Еще в караван-сарае Юша спросил Никитина:
– Дяденька Афанасий, а какая мне лошадь?
Никитин строго и наставительно ответил:
– Кляча воду возит, лошадь землю пашет, а под верхом конь ходит.
И Юша всю дорогу вспоминал эти слова и не мог налюбоваться конем.
Утро выдалось мглистое и сырое. Снег, выпавший за ночь, лежал на деревьях, плоских крышах и таял на дороге.
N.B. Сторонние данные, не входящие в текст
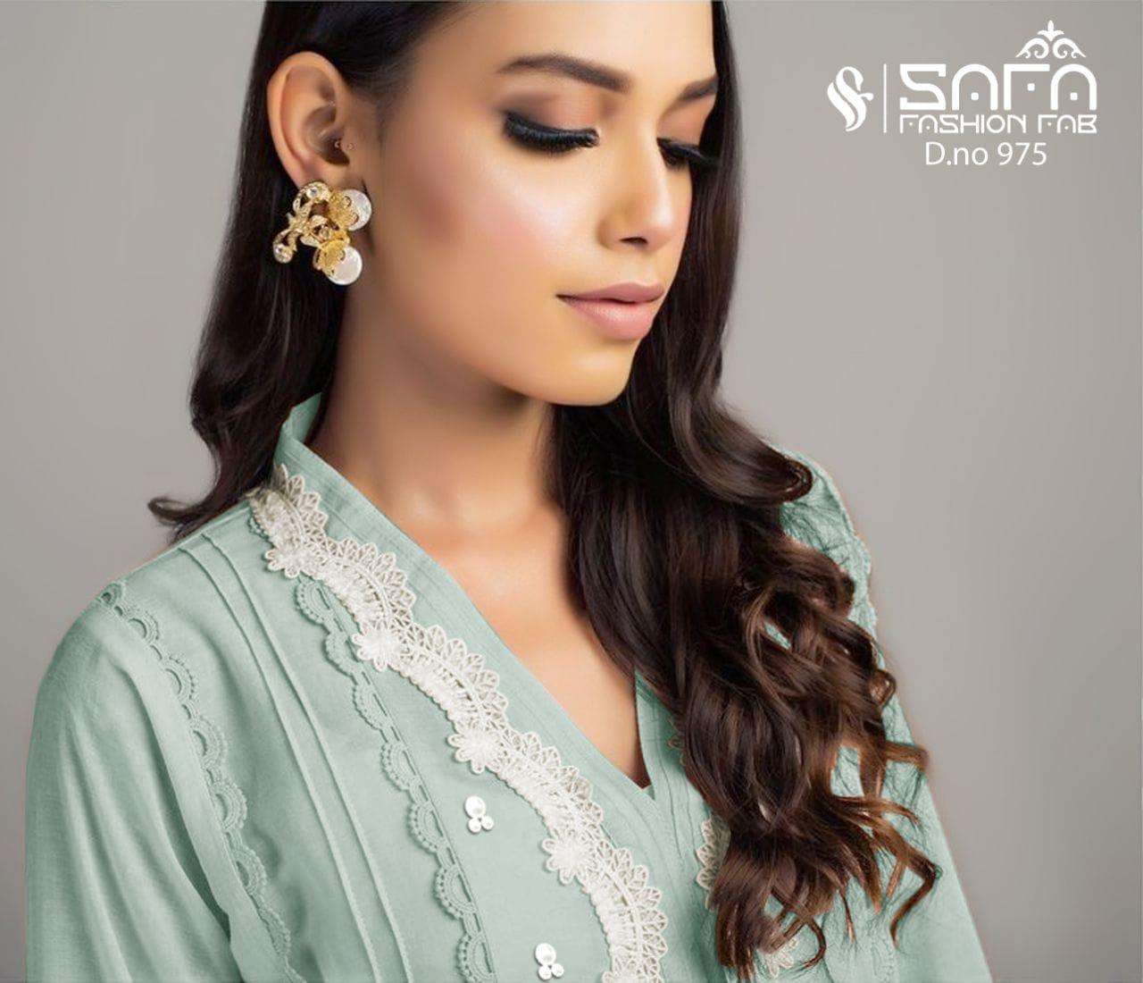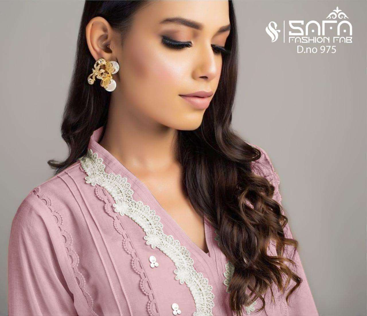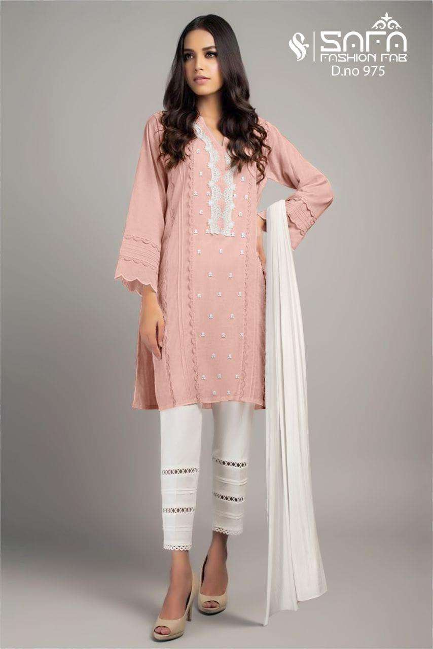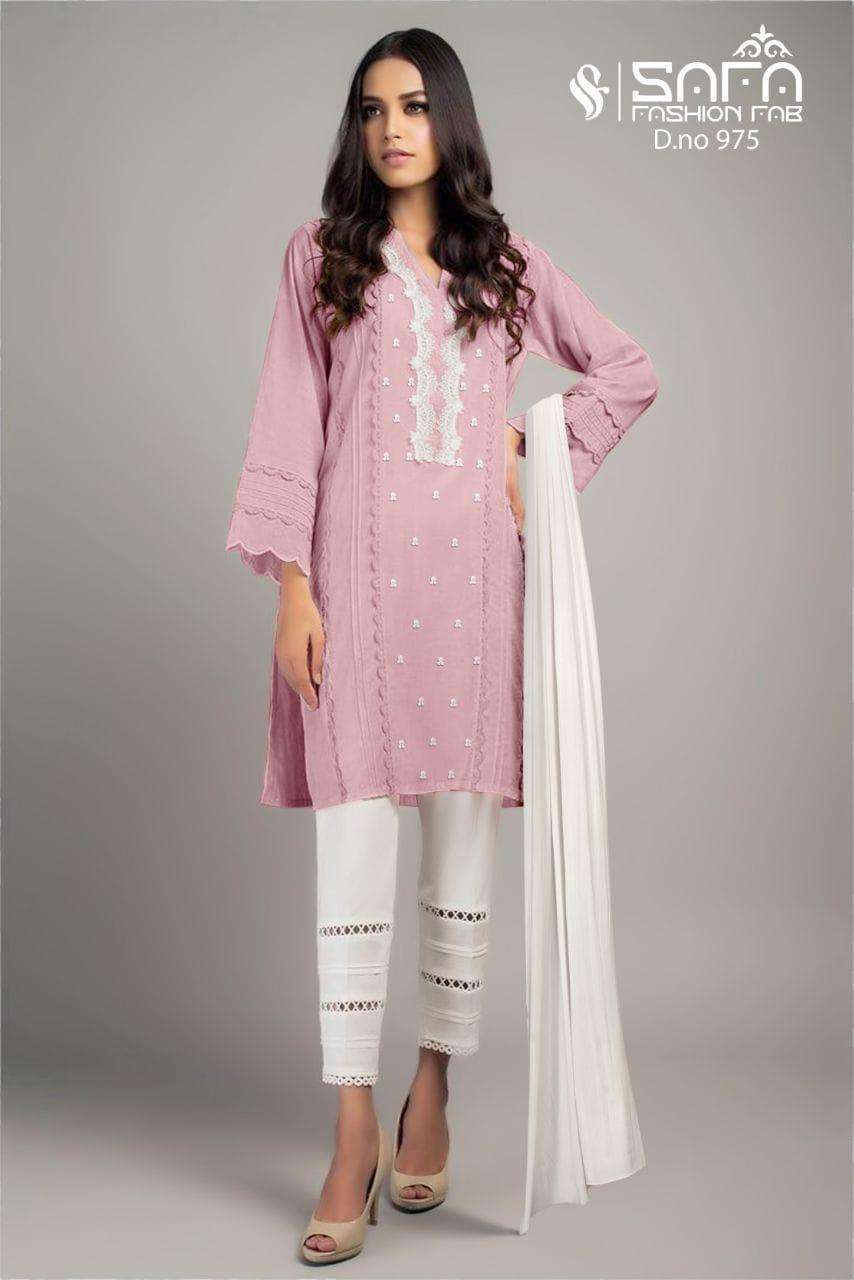 Safa fashion Fab       (S.F.975) We are Introducing our LUXURY PRET FORMAL WEAR  COLLECTION To Make You Unique and Classy.. With Supirier Quality and Affordable Price  (S.F.975) by SAFA FASHION  FAB Description  Designer Embroidered Tunic with Sleeves paired with Designer Cigarette pants*With  *Designer Duptta Details Top:-PureGeorgette Fabric Bottom :- Cotton Stretchable Fabric Duppta :- Designer Duptta Inner:- Pure Sentoon Colour  Pink.pich.green        Size Chart Top xl size chest (42) Bottom xl size (38) Rate 1099/- Full set available      Colour may slightly vary due to light effect Book Fast Limited Stock        |
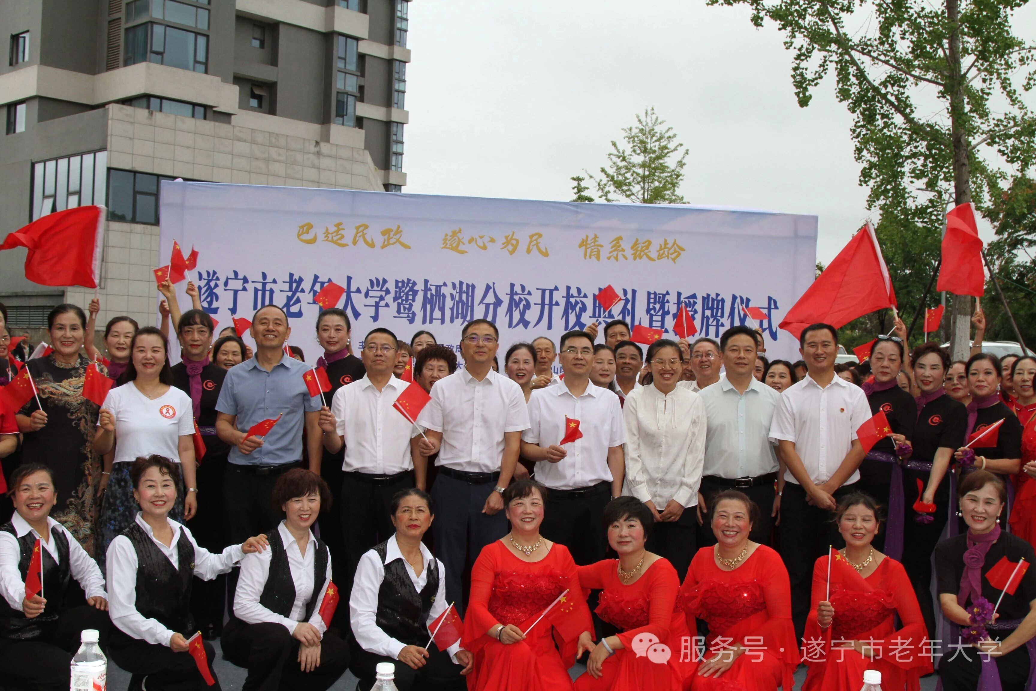 赵维强同志为遂宁市老年大学鹭栖湖分校授牌,标志着鹭栖湖分校正式成立。这既是遂宁市深入贯彻落实习近平总书记关于老龄工作的重要指示批示精神,积极推动全市老年教育事业高质量发展决策部署的具体行动,更是完善城乡老年教育服务网络、建设老龄友好型社会的重要内容。

Перебрались через вонючий, черный, почти неподвижный ручей и стали подниматься в гору. Выбитая грязная дорога вилась по косогору, заросшему густым кустарником. Снег на ней быстро таял. Кони часто спотыкались в выбоинах, до краев наполненных талой водой, и тогда в лицо путникам летели холодные брызги.
Сначала вдоль дороги попадались поля и бахчи. Но чем дальше уходил караван от Чапакура и чем выше поднимался в горы, тем безлюднее становилось вокруг.
Несколько раз рыжие шакалы перебегали путь; серебристые фазаны, завидев караван, поспешно уходили в кусты или тяжело поднимались в воздух и с шорохом опускались где-то в стороне.
Днем, переходя вброд речку, караван вспугнул кабана, и тот рванулся по крутому склону, ломая валежник.
У озерка, образовавшегося на дне мрачной, окруженной горами котловины, Юша с удивлением увидел знакомых птиц. Здесь были дикие утки и гуси, кулики, бакланы и чайки. Так вот куда они улетали на зиму! Как приятно было встретить столько земляков в этой чужой стране! Странно только, что среди знакомого пернатого народца расхаживали невиданные зобастые розовые пеликаны. Они были хозяевами здешних вод и держались словно воеводы среди залетной мелюзги.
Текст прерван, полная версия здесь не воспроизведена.